— А действительно — как?
— Ты меня спрашиваешь как сценарист или?..
— Или. Я до сих пор не могу этого понять. Допустим, у тебя все морферы друзья и кто-то из них по твоей просьбе подменил капсулу. Хотя это невозможно. Не подменить, а подделать. Эта капсула — штучный товар, она единственная. И я узнала ее по особым отметкам, когда Ежинский сунул ее мне под нос в Суде. Это была она!

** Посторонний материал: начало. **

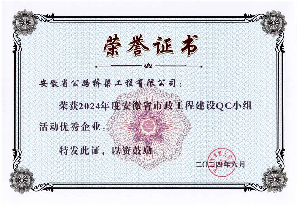 近日,在合肥開展的安徽省市政工程協(xié)會2024年度工程建設(shè)優(yōu)秀QC小組活動交流會上,公司多項(xiàng)QC課題成功斬獲優(yōu)秀QC成果獎。同時,公司榮獲了2024年度安徽省市政工程建設(shè)QC小組活動優(yōu)秀企業(yè)稱號。

Выкачать из нее яд и наполнить физраствором? В принципе такое возможно, но… здесь нет такой техники.
— Вот это ты зря! — погрозила пальцем Вера. — Ты еще не знаешь, какая тут техника. Но продолжай, строй версии, а я буду наблюдать за рождением нового киносценариста и его творческими муками.
— Иди к черту! — взорвалась Лариса и тут же сникла. — Ну объясни мне, как это могло быть! У тебя что, органическая невосприимчивость к ядам? Тогда кто чуть не помер на моих руках от передозировки мышьяка?! Верка, я тебя прошу…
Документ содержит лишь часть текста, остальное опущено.